How to avoid bedtime fights with your children
Few things wear out a young couple more than children who make a fuss about going to bed. And then keep waking up again. And again. And again.
Fortunately there are things you can do to make things much easier.
The key for kids of all ages is a consistent routine. So, get them ready for bed at the same time and in the same way every evening. And wake them at the same time every morning.
With your toddlers, start the bedtime routine with some sort of activity that involves hand-eye coordination, such as shapes, model animals or jigsaws.
Follow that with a light snack, well away from the bedroom, to make sure they’re not hungry.
Then a warm bath and straight to their bed. Keep the bedroom dim for story time, and dark at night. A night light, if needed, should be reddish. Make sure the bedroom’s peaceful. No anger, no raised voices, just a calm and consistent routine.
Keep hugs and kisses to a minimum at bedtime, or they’ll start endlessly asking for more. Instead, set the scene by telling them: ‘One story, one kiss, one hug’.
When you’re ready to leave, stand up with your hand on them for comfort, and then gently walk away. More often than not, they’ll want you to come back. Don’t. Just be boring. No eye contact. No words.
Have a phrase you always say as you leave the bedroom, such as “night, night, sleep tight, love you.” And then leave them to self-settle.
Self settling is particularly important, because small children usually reawaken several times a night. So if they can’t fall asleep on their own at the beginning of the night, for sure they’ll call you every time they wake up later. Because they want whatever they had when they first fell asleep: Their bottle, a story, you.
Screen-free zones
Doing the same relaxing things in the same order and at the same time each night also helps with older children. Once they’re in bed, encourage them to read quietly, or read a story together.
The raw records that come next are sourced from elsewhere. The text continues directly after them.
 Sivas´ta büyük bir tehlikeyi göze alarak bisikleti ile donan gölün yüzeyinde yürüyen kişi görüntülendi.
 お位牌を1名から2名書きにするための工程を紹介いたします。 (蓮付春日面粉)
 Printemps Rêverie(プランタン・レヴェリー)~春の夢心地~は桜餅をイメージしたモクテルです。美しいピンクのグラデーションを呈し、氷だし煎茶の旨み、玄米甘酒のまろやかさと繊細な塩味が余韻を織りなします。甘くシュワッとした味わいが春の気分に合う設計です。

Encourage your children to exercise during daylight, and reduce physical activities before bedtime. You’d think running around then would help tire your children out, but actually it wakes them up. Sugary and caffeinated drinks like cola, tea or coffee don’t help either.
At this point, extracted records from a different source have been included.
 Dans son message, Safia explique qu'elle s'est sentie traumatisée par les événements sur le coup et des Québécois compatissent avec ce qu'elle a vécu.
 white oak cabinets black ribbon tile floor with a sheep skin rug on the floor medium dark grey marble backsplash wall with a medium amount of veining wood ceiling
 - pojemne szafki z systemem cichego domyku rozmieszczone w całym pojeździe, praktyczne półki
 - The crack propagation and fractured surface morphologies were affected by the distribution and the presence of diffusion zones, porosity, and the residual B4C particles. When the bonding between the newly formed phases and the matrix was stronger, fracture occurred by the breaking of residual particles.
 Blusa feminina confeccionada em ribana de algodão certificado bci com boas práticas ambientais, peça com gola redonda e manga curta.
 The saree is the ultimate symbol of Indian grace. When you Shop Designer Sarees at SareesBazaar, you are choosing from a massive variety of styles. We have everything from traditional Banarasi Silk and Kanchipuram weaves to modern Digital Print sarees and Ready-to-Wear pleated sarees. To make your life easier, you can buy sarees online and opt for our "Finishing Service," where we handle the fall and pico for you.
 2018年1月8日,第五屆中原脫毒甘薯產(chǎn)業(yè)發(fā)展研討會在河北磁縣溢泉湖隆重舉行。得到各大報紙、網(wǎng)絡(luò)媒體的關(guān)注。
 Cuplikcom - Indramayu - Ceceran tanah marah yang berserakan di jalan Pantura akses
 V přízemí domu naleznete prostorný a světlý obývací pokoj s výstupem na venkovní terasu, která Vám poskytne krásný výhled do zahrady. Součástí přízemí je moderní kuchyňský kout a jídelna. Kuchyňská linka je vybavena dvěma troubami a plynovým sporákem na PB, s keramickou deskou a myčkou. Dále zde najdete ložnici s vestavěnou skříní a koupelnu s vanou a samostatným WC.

Try to keep children’s bedrooms as screen-free zones, and get them to charge their stuff somewhere else. Distract them from their screens for the last hour before bedtime, because they make it harder for children to fall sleep.
Older children will also stay up late using social media, or even go online in the middle of the night.
All this also applies to your teens, who need between eight and 10 hours sleep, despite everything they say!
And encourage them not to sleep in at weekends. Long lie-ins disturb their body rhythm, and make it harder for them to settle during the week.